Выбрать главу

Четыре рассказа так называемой «брачной группы» — это как бы диспут, в котором обсуждаются и пересматриваются старые взгляды на неравный брак. Открывает этот диспут батская ткачиха, проповедуя в своем прологе полное подчинение мужа жене и иллюстрируя это своим рассказом. Рассказы студента о Гризельде и купца об Януарии и прекрасной Мае подходят к вопросу с другой стороны, а в рассказе Франклина тот же вопрос разрешается по-новому, на основе взаимного уважения и доверия супругов. Диспут этот назревал и раньше — уже в рассказе мельника о молодой жене старого мужа; в рассказе шкипера про обманутое доверие, в сетованиях Гарри Бэйли. И он не затихает до самого конца книги, вспыхивая в рассказе эконома, как тема раскаяния в поспешной каре за неверность.

Всего самобытнее, свободнее по трактовке, ярче и ближе всего к народной жизни основная группа самостоятельных рассказов Чосера. Хотя кое в чем рассказы мельника, мажордома, шкипера, кармелита, пристава обязаны ходячим сюжетам фаблио, но основная ценность их в том, что это мастерски развитые Чосером реалистические новеллы.

Фабульному мастерству Чосер учился у французских труверов. Но фаблио, эти смешные, жестокие и подчас циничные анекдоты, под его пером становятся неузнаваемыми. Фаблио Чосера уже не анекдот, а новелла характеров. Чосер гуманизирует жестокий французский анекдот и населяет фаблио живыми людьми, в которых при всей их грубости он рад отметить все человечное.

Демократический гуманизм Чосера — это не гелертерский кабинетный гуманизм аристократа науки, а простая и сердечная любовь к человеку и к лучшим проявлениям человеческой души, которые способны облагородить самые неприглядные явления жизни. Много высоких и верных мыслей об «естественном человеке», о благородстве не унаследованном, а взятом с бою, о новом чувстве человеческого достоинства Чосер приводит и в рассказе батской ткачихи, и в рассказе франклина, и в проповеди священника, и в особой балладе «Благородство», но эти мысли неоднократно возникали и до и после Чосера. В искусстве, пока подобные декларации не нашли художественного воплощения, «слово без дела мертво есть». Но живое, творческое дело Чосера создало то, чем и по ныне жива английская литература, то, в чем особенно ярко сказалась ее самобытность.
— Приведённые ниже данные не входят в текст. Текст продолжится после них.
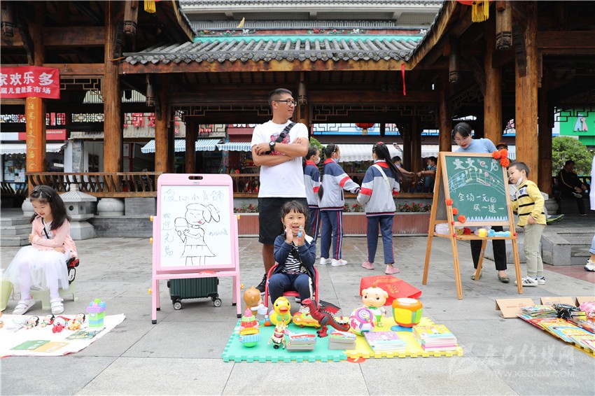 “這個(gè)玩具1元錢賣不賣?”“已經(jīng)很便宜啦!最低3元錢?!?月31日,瀘定橋廣場人流涌動(dòng)、熱鬧非凡,叫賣聲不絕于耳,不少“小顧客”在各個(gè)攤位之間,認(rèn)真地挑選自己心儀的商品,有模有樣地討價(jià)還價(jià),廣場變成了熱鬧的自由貿(mào)易市場。
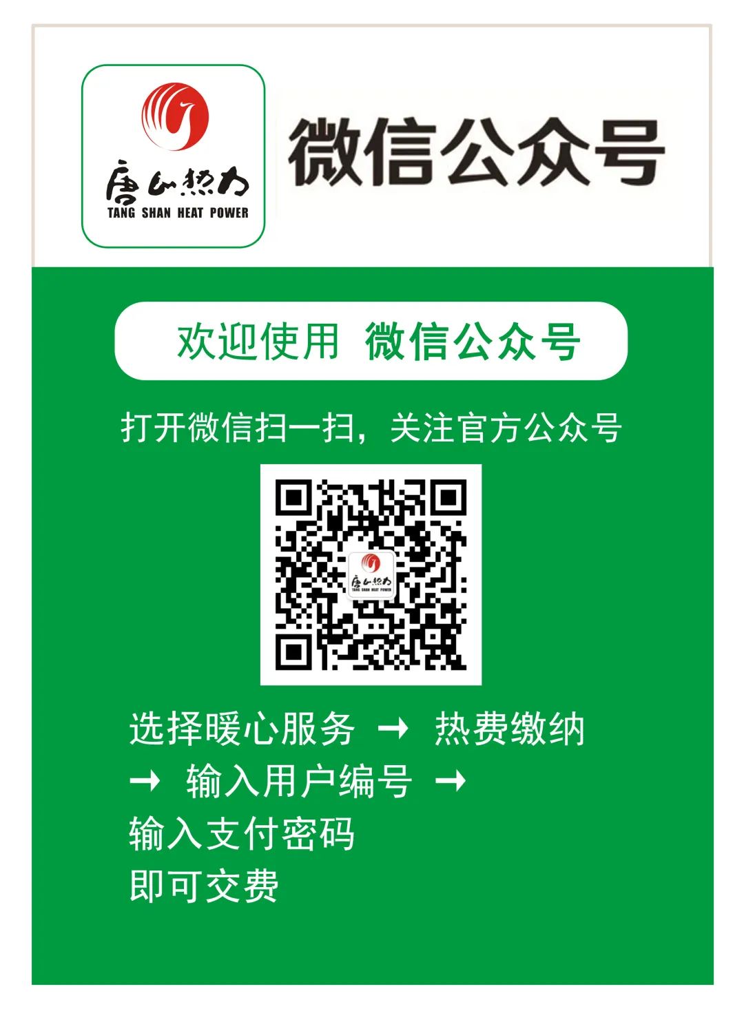 1.唐山热力微信公众号、支付宝、微信钱包缴纳热费
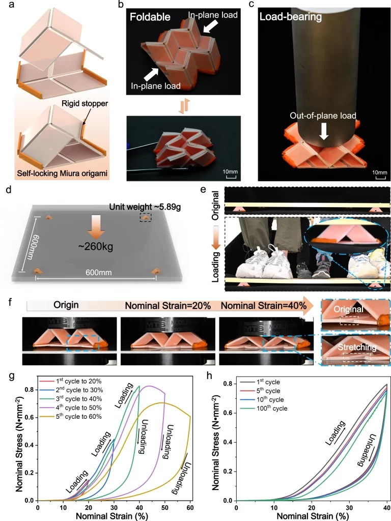 2025年1月10日,深圳南方科技大学和香港城市大学的研究人员利用多材料3D打印技术成功创建了完全由柔软、可拉伸铰链包裹的刚性面板结构。这种独特的设计使得每个折纸单元能够承受超过自身重量11万倍的重量,并且能够承受超过100次的40%压缩应变循环,同时还能吸收相当大的冲击能量。这一策略有望实现前所未有的承重能力和灵活性。

Знание Чосером жизни — это не равнодушные наблюдения исследователя. Любовь его к человеку не сентиментальна и не слезлива. Его смех не бездушная издевка. А из сочетания такого знания жизни, такой любви к человеку и такого смеха возникает у Чосера сочувственная всепонимающая улыбка.
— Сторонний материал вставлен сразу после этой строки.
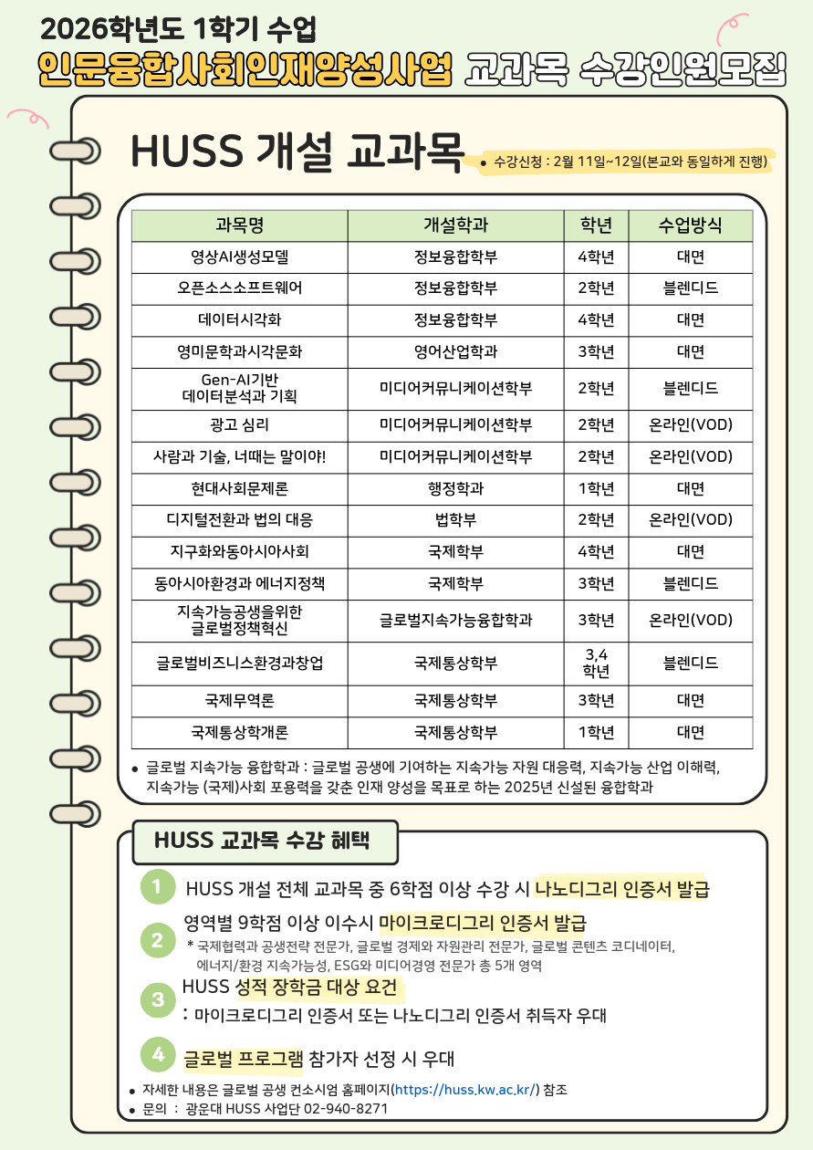 글로벌지속가능융합학과 마이크로디그리별 26년 1학기 개설 교과목 안내
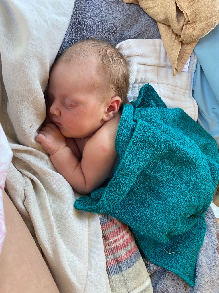 It was such a surreal, empowering moment. Eden did the classic crawl up my tummy, but she went all the way up to my neck, mistaking it for my nipple! The placenta took an hour to arrive, and honestly it was horrible, because I had a plastic bucket with a plastic toilet lid as a toilet, and it was so painful to sit and try to relax. I was so relieved when finally it plopped out!

«Все понять — все простить», — говорит поговорка. В этом смысле Чосер действительно многое прощает. В этом смысле гуманистичен и пролог батской ткачихи, как трагедия стареющей жизнелюбивой женщины, и рассказы мельника и купца о молодой жене старого мужа, хотя Чосер в этих рассказах отнюдь не закрывает глаза на суровую правду жизни.

Вложив в уста оксфордского студента очень подходящий для него рассказ о безропотной страстотерпице Гризельде, Чосер берет под сомнение поступок матери, жертвующей детьми в угоду супружеской покорности. Он делает это уже от своего имени в особом послесловии, вспоминая при этом батскую ткачиху:

Гризельда умерла, и вместе с ней В могильный мрак сошло ее смиренье. Предупреждаю громко всех мужей: Не испытуйте ваших жен терпенье. Никто Гризельды не найдет второй В своей супруге, — в этом нет сомненья.
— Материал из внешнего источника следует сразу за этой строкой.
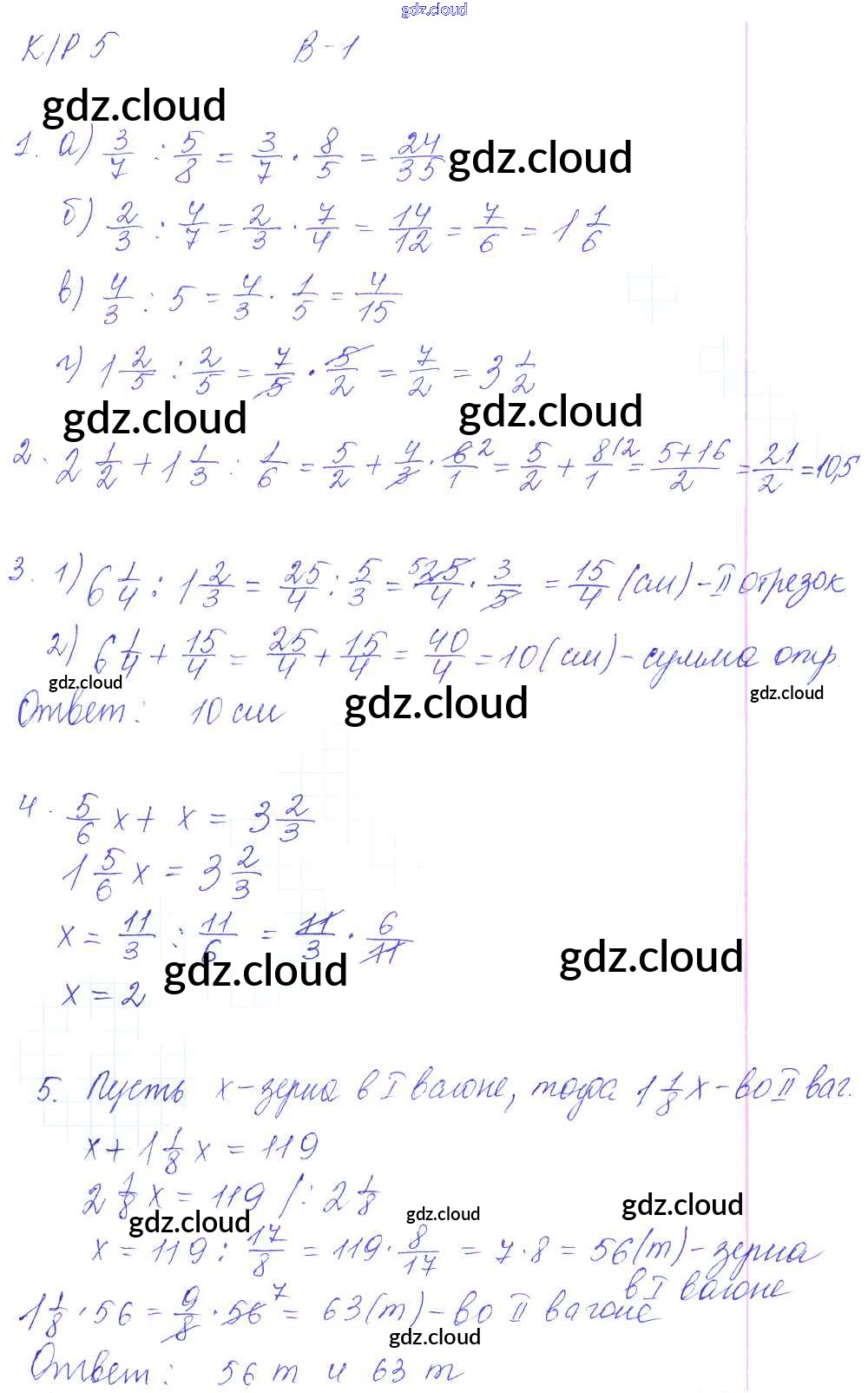 Ответы к КР-5. Варианты по Математике 6 класс Контрольные работы Дудницын УМК Экзамен

Все средневековые представления о браке, покорности, о божеском воздаянии, о правах, обязанностях и достоинстве человека — все вывернуто наизнанку и основательно перетряхнуто. Исповедь батской ткачихи написана в тонах грубоватого фарса, а в то же время она по существу трагична, такой исповеди не мог бы создать ни один средневековый автор.